Architectural Foundations
The Unified select()/execute()/scalars() API
SQLAlchemy 2.0's most consequential change is the retirement of session.query() in favour of a single construction/execution pipeline that works identically for Core and ORM. Every query begins with select(), insert(), update(), or delete() from sqlalchemy — these produce statement objects that know nothing about the session or connection. Execution is explicit: you pass the statement to await session.execute(stmt) or await conn.execute(stmt), receive a Result (or CursorResult for Core), and then choose how to consume it.
The Result object is lazy by default. Calling .scalars() extracts the first column of each row (usually an ORM instance), .mappings() produces RowMapping dicts, .all() materialises the full list, and .partitions(N) yields fixed-size batches. For async workloads that must not block the event loop during iteration, await session.stream(stmt) returns an AsyncResult with the same API surface but backed by server-side cursors.

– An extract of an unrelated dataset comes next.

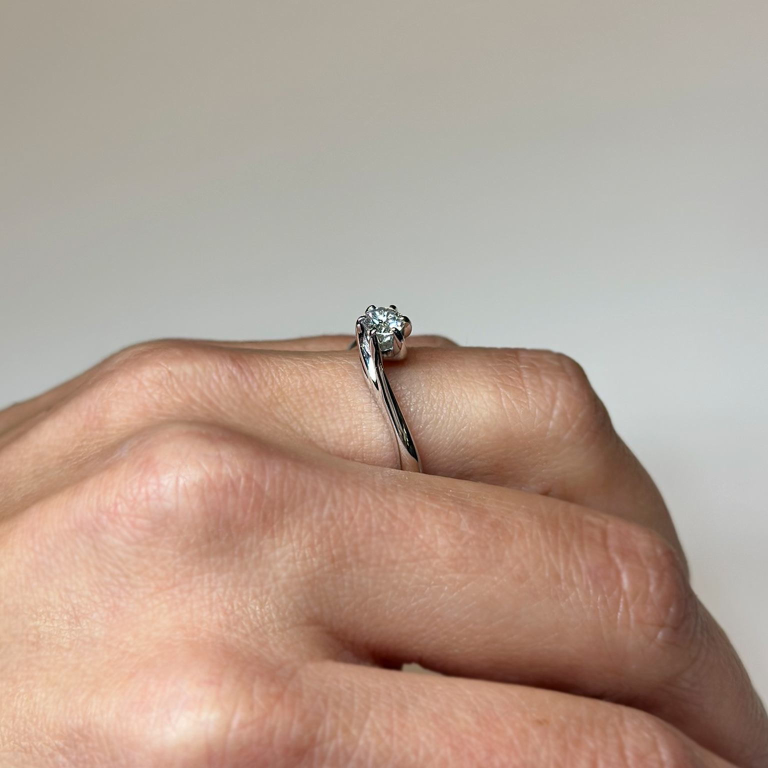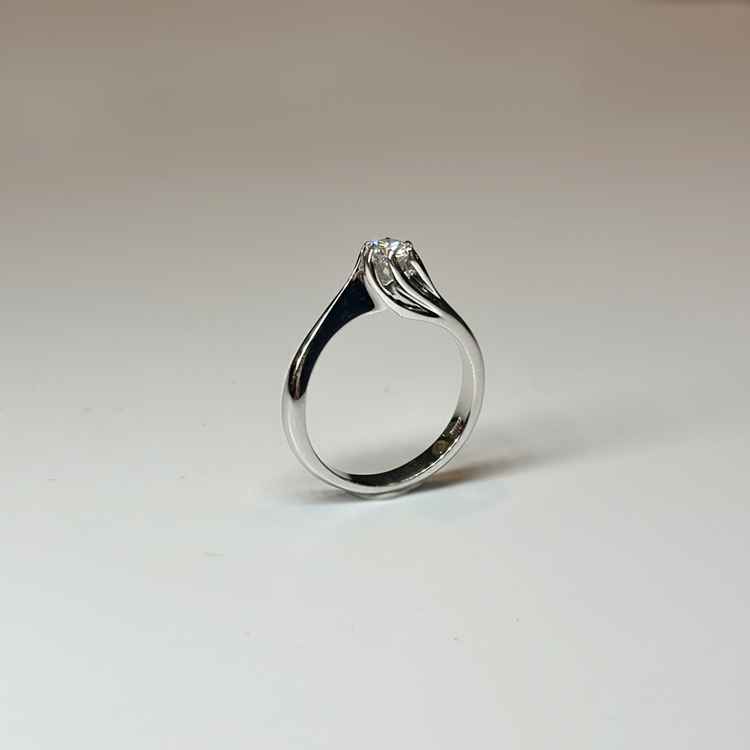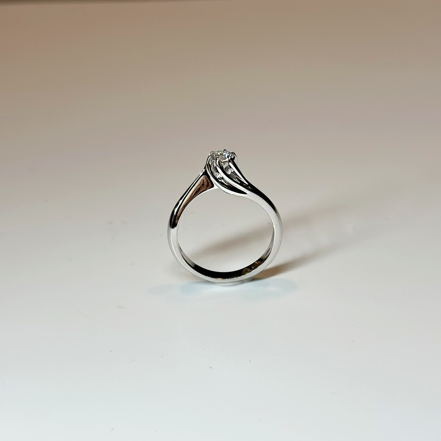 Anello oro bianco 18kt con diamante taglio brillante ct 0.34 Colore G Purezza VS

# Full imports shown — runnable Python 3.11+
from __future__ import annotations
from typing import Sequence
from sqlalchemy import select
from sqlalchemy.ext.asyncio import AsyncSession, create_async_engine
from sqlalchemy.orm import DeclarativeBase, Mapped, mapped_column
class Base(DeclarativeBase):
pass
class User(Base):
__tablename__ = "users"
id: Mapped[int] = mapped_column(primary_key=True)
email: Mapped[str] = mapped_column(unique=True, index=True)
tenant_id: Mapped[int] = mapped_column(index=True)
status: Mapped[str] = mapped_column(default="active")
engine = create_async_engine(
"postgresql+asyncpg://user:pass@localhost/mydb",
pool_size=10,
max_overflow=20,
pool_timeout=30,
)
async def fetch_active_users(tenant: int, limit: int = 100) -> Sequence[User]:
stmt = (
select(User)
.where(User.tenant_id == tenant, User.status == "active")
.order_by(User.id)
.limit(limit)
)
async with AsyncSession(engine) as session:
result = await session.execute(stmt)
return result.scalars().all() # returns list[User]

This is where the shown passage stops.